On Mon, 8 Mar 2010, Alan Cox wrote:
> 
> Ingo - just about all the serious security work disagrees with you.
> Pathnames are references to objects and keep changing. What matters is
> the object itself. This is also how Unix has always worked

The thing is, that's simply not the whole truth. It's _part_ of the truth, 
but there very much are pathname-based security in Unix too, including 
very much traditionally.

Things like "/etc/passwd" really are about the _pathname_, not the inode. 
It really is the _path_ that is special, because that is fundamentally the 
thing you trust.

You can try to turn that into a content-based security issue by claiming 
that it's about the "content of the '/etc' directory", and that is (along 
with other tricks) obviously how a a content-based security model has to 
work.

But it's not actually _true_ in any deeper sense. You're really just 
trying to enforce a pathname-based model using a inode/content based 
security hammer.

So that's an example of "if all you have is a hammer, everything looks 
like a nail" issue. If all you have is a content/inode-based security, you 
have to turn path-names into "directory inode" issues, and it's doable, 
but it's really like trying to convince everybody that screws do not exist 
because all you have is a hammer.

And when you base your security on inodes, you _do_ have problems with 
things like /etc. Exactly because there are many different paths in that 
directory, and they actually have _different_ security issues. A program 
that is supposed to be able to edit/replace /etc/hosts is _not_ supposed 
to be able to edit/replace /etc/passwd.

Notice how it's really fundamentally about the pathname? When you create a 
new file and overwrite /etc/passwd with that file, the security rules 
really do _not_ come from your newly created inode, they come from the 
fact that you made the path "/etc/passwd" point to that inode.

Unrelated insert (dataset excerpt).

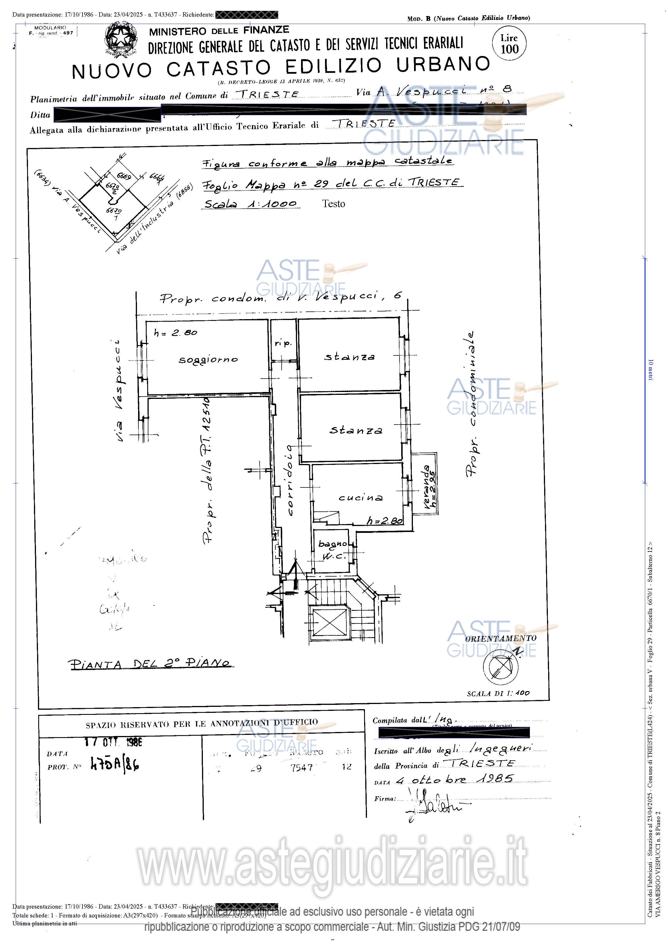 Vendita in attesa dell'emissione del nuovo bando d'asta. LOTTO UNICO: Appartamento sito al piano 2 del Condominio di Via Vespucci n. 8, Trieste, composto da ingresso, bagno-w.c., soggiorno con angolo cottura con relativa veranda sulla corte, corridoio, ripostiglio e due stanze, per una superficie commerciale di 92,00 mq. Lo stabile di Via Vespucci n. 8 è stato oggetto di recente straordinaria manutenzione delle parti comuni con intervento di efficientamento energetico delle facciate (sia lato strada che lato cortile interno). L’edificio è dotato di ascensore condominiale. Ultimo prezzo base € 158.500,00 (offerta minima € 118.875,00). Professionista delegato alla vendita Avv. Giancarlo Ressani - Email "giancarlo.ressani@gmail.com"; Tel. 0402419325. Custode Giudiziario Dott. Maurizio Bucci - Email "studiorigotti@libero.it"; Cell. 3481300469; Tel. 040370547. Rif. Tribunale di Trieste - Espropriazione immobiliare (cartabia) n. 7/2025
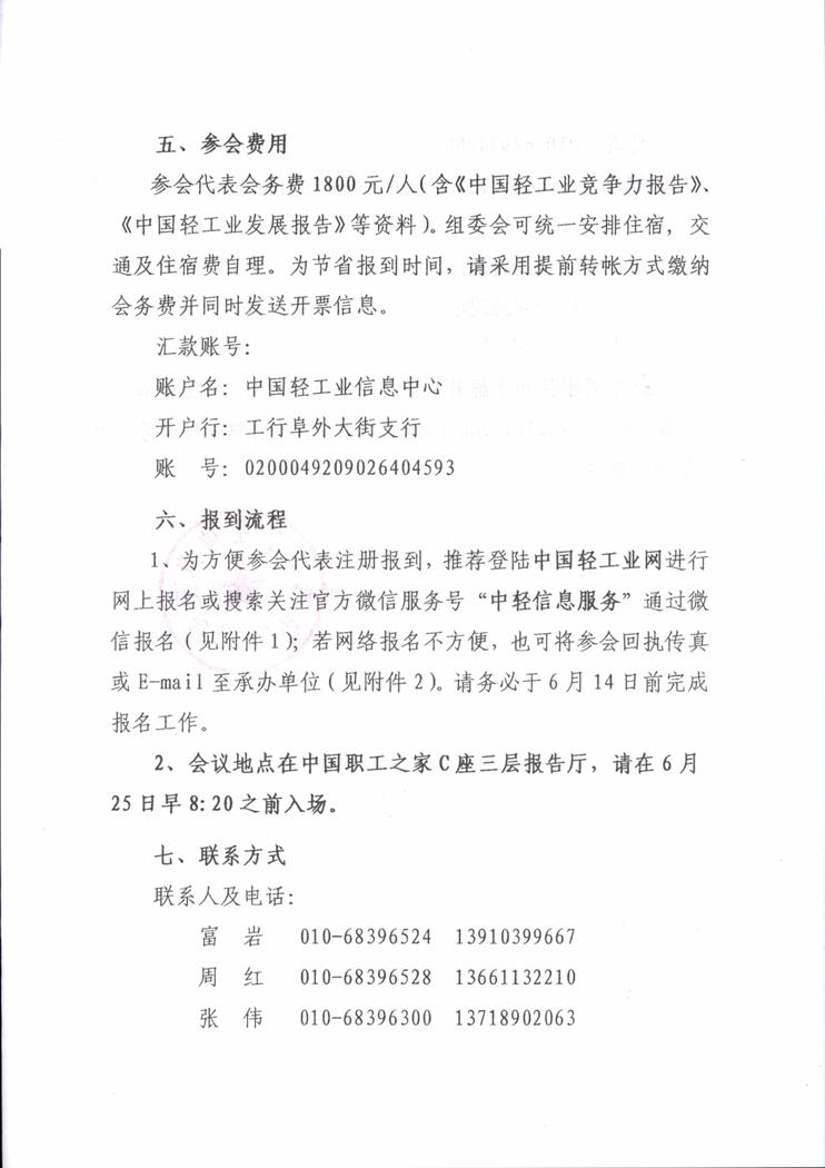关于举办“强化科技创新、服务美好生活”中国轻工业百强企业高峰论坛的通知

And again - you can emulate this with the inode-based thing. Your hammer 
does work, but it doesn't really invalidate the fact that the path really 
is what is most fundamental in that case, because the pathname is 
fundamentally the shared piece of information that different processes 
work with.

You end up making up new ideas to handle this: it's why traditional BSD 
UNIX security has the setgid and sticky bit on directories, and it's also 
obviously why selinux ends up having special rules for "link" and "rename" 
etc - exactly so that you can emulate security that is really 
fundamentally about the pathname.

In other words: it really _does_ make more sense to say "this process has 
rights to overwrite the path '/etc/passwd'" than it does to try to label 
the file. The _fundamental_ rule is about the pathname. The labeling comes 
about BECAUSE YOU USED A HAMMER FOR A SCREW.

I really don't understand why some people are unable to admit this fact.